• [Stored data]
□ □ □ □ □ □ □

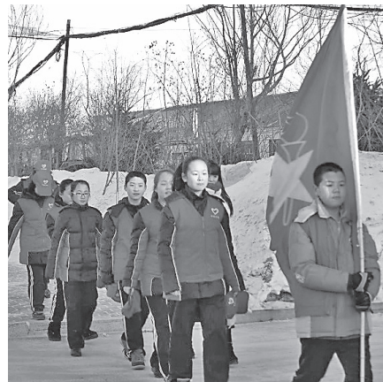
图为“青年志愿者”为农场社区的老人进行义务服务。右二为本文作者。
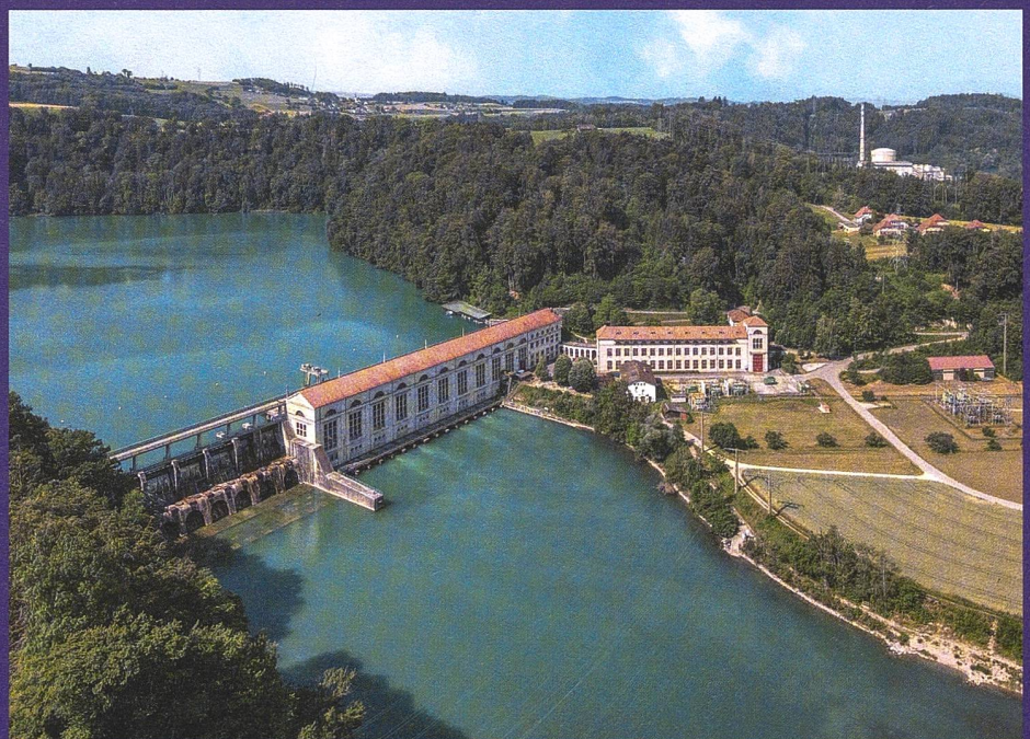
▲ 1 Die grossen Energieinfrastrukturbauten prägen die Mühleberger Landschaft wesentlich mit: Der Wohlensee mit dem 1917–1920 errichteten Wasserkraftwerk ebenso wie das 1972 fertiggestellte Kernkraftwerk (rechts im Hintergrund).

Jetzt bestellen unter: www.bau-kultur-erbe.ch
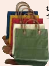
折りたたみトートバック 全5色 各700円
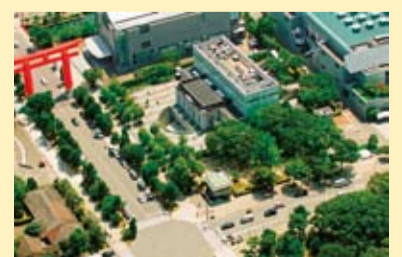
現在の府立図書館
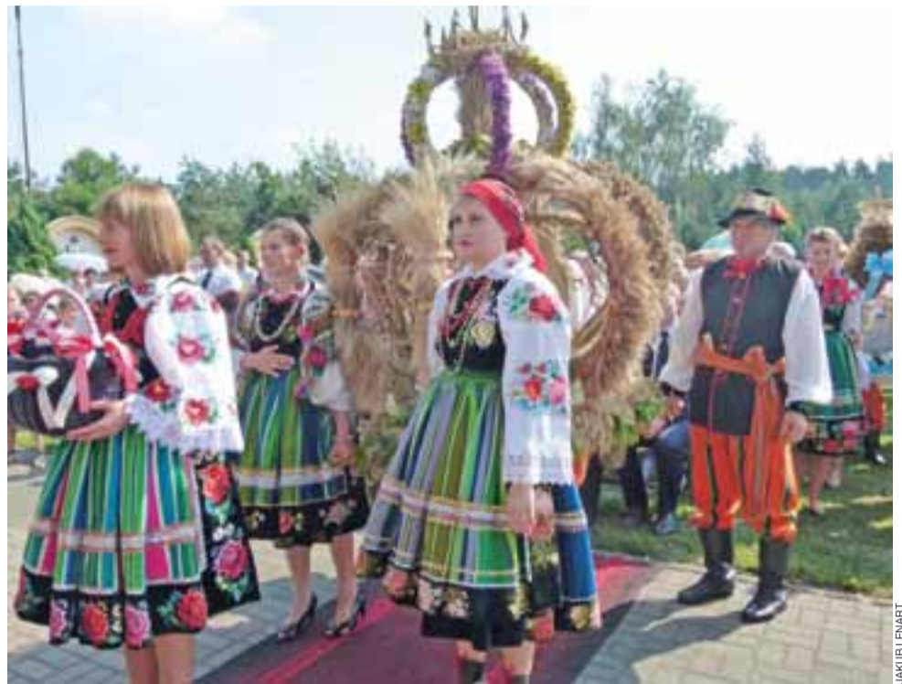
Dożynkowe wieniec potrafią być naprawdę imponujące.

Bardzo liczną, bo aż 165-osobową grupą, do Domaniewic przyszli wierni z parafii pw. św. Andrzeja Apostoła i św. Małgo-
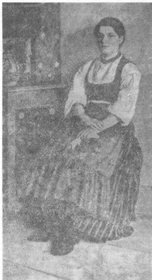
Artur Coulin: Álmodozás (Szekely lány falusi szobában)
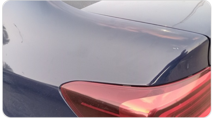
قائم خارجي خلفي شمال : فبريكة (خرابيش)
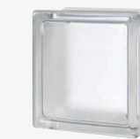
MG/s MINI ARCTIC
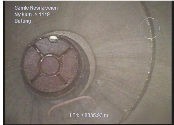
13.11.2024 135958_Ny kum_1119_13112024_020023_036.jpg, 00:00:47, 35.90m Inspeksjon fullført
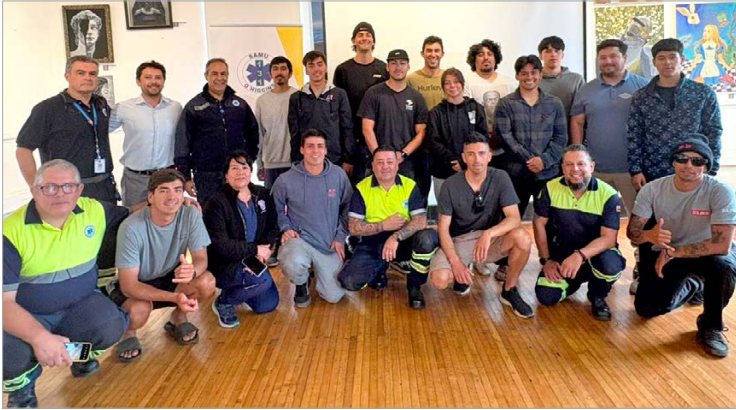
Más de 15 rescatistas municipales fortalecieron sus conocimientos en primeros auxilios.
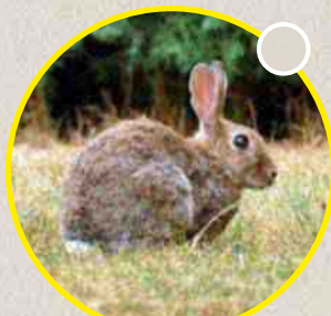
Le lapin de Garenne
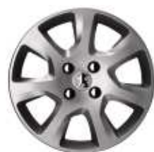
Enjoliveur 16" HAUMEA
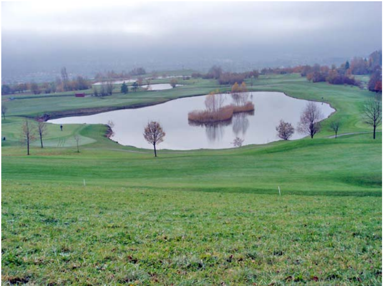
Seen im Golfplatz Bubental
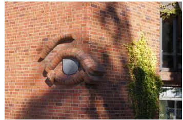
Haus der Evangelischen Gemeinde zu Düren
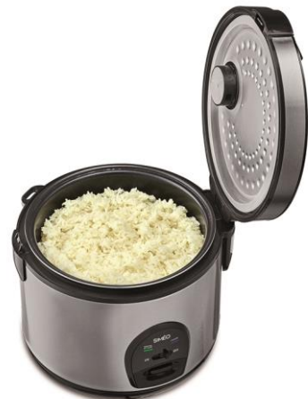
Jusqu'à 16 portions de riz cuit
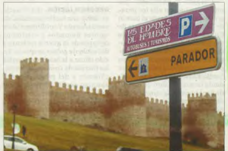
La señalización ya es visible en la ciudad.
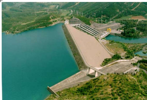
Εικόνα 0: Εβδομαδιαίος τ. ΥΗΣ Καστρακίου στο σύστημα ταμιευτήρων του π. Αχελώου

Ο ετήσιος ταμιευτήρας σε μια αλυσίδα ΥΗΣ ενός ποταμού έχει μεγάλη χωρητικότητα. Η διακύμανση της στάθμης του είναι σημαντική λόγω των μεγάλων ποσοτήτων νερού που αποθηκεύονται. Επίσης, ο ταμιευτήρας αυτός χρησιμεύει για την ανάσχεση των πλημμυρών και την τροποποίηση της διαίτας του ποταμού. Τέτοιοι ταμιευτήρες είναι των Κρεμαστών (Αχελώος), του Πολυφύτου (Αλιάκμονας), του Λάδωνα, του Πουρναρίου Ι, (Αραχθός), των Πηγών Αώου (Αώος), του Ν. Πλαστήρα (Ταυρωπός) και του Θησαυρού (Νέστος).

□ □ □ □ □ □ □

• [What to do] Would you please transcribe the listing in full, exactly, while omitting the images?

• [Worked solution]
图为“青年志愿者”为农场社区的老人进行义务服务。右二为本文作者。
▲ 1 Die grossen Energieinfrastrukturbauten prägen die Mühleberger Landschaft wesentlich mit: Der Wohlensee mit dem 1917–1920 errichteten Wasserkraftwerk ebenso wie das 1972 fertiggestellte Kernkraftwerk (rechts im Hintergrund).

Jetzt bestellen unter: www.bau-kultur-erbe.ch
折りたたみトートバック 全5色 各700円
現在の府立図書館
Dożynkowe wieniec potrafią być naprawdę imponujące.

Bardzo liczną, bo aż 165-osobową grupą, do Domaniewic przyszli wierni z parafii pw. św. Andrzeja Apostoła i św. Małgo-
Artur Coulin: Álmodozás (Szekely lány falusi szobában)
قائم خارجي خلفي شمال : فبريكة (خرابيش)
MG/s MINI ARCTIC
13.11.2024 135958_Ny kum_1119_13112024_020023_036.jpg, 00:00:47, 35.90m Inspeksjon fullført
Más de 15 rescatistas municipales fortalecieron sus conocimientos en primeros auxilios.
Le lapin de Garenne
Enjoliveur 16" HAUMEA
Seen im Golfplatz Bubental
Haus der Evangelischen Gemeinde zu Düren
Jusqu'à 16 portions de riz cuit
La señalización ya es visible en la ciudad.
Εικόνα 0: Εβδομαδιαίος τ. ΥΗΣ Καστρακίου στο σύστημα ταμιευτήρων του π. Αχελώου

Ο ετήσιος ταμιευτήρας σε μια αλυσίδα ΥΗΣ ενός ποταμού έχει μεγάλη χωρητικότητα. Η διακύμανση της στάθμης του είναι σημαντική λόγω των μεγάλων ποσοτήτων νερού που αποθηκεύονται. Επίσης, ο ταμιευτήρας αυτός χρησιμεύει για την ανάσχεση των πλημμυρών και την τροποποίηση της διαίτας του ποταμού. Τέτοιοι ταμιευτήρες είναι των Κρεμαστών (Αχελώος), του Πολυφύτου (Αλιάκμονας), του Λάδωνα, του Πουρναρίου Ι, (Αραχθός), των Πηγών Αώου (Αώος), του Ν. Πλαστήρα (Ταυρωπός) και του Θησαυρού (Νέστος).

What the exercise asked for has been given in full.